Exercise directions - Keep images out and repeat all data exactly.

Data -
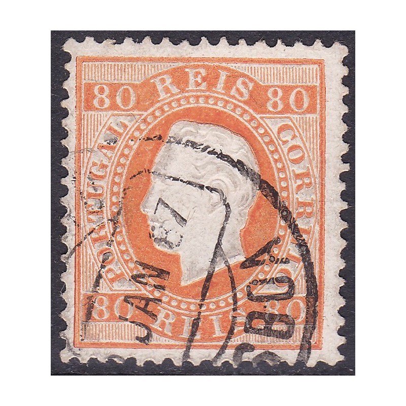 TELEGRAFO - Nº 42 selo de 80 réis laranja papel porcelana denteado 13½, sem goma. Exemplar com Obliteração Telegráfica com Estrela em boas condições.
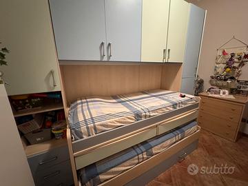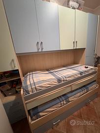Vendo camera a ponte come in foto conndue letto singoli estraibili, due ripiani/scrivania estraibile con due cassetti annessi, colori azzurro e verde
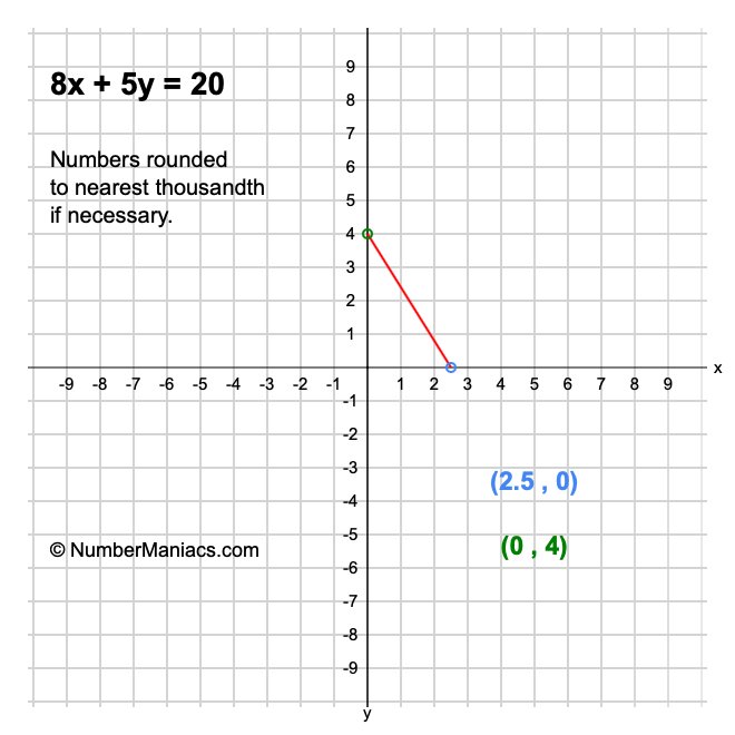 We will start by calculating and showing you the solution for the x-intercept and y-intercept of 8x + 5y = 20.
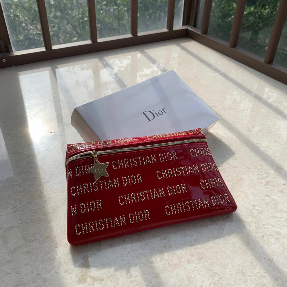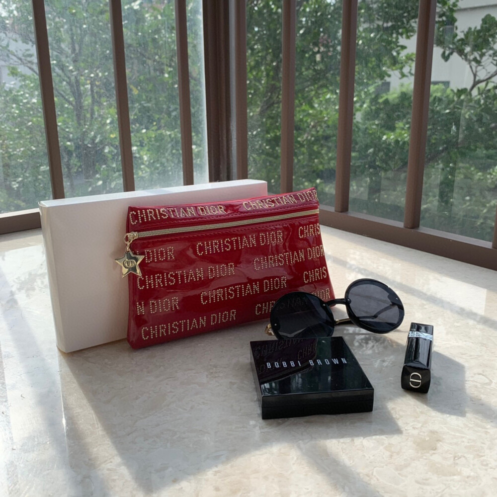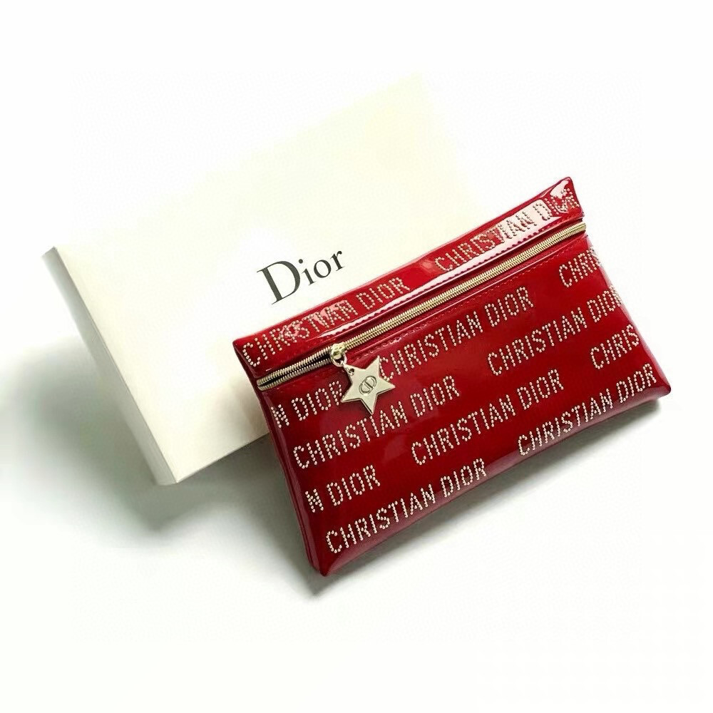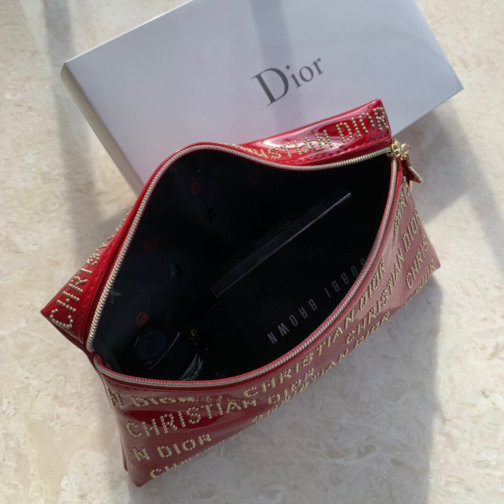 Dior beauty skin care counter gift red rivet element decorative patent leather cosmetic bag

Response -
 TELEGRAFO - Nº 42 selo de 80 réis laranja papel porcelana denteado 13½, sem goma. Exemplar com Obliteração Telegráfica com Estrela em boas condições.
Vendo camera a ponte come in foto conndue letto singoli estraibili, due ripiani/scrivania estraibile con due cassetti annessi, colori azzurro e verde
 We will start by calculating and showing you the solution for the x-intercept and y-intercept of 8x + 5y = 20.
 Dior beauty skin care counter gift red rivet element decorative patent leather cosmetic bag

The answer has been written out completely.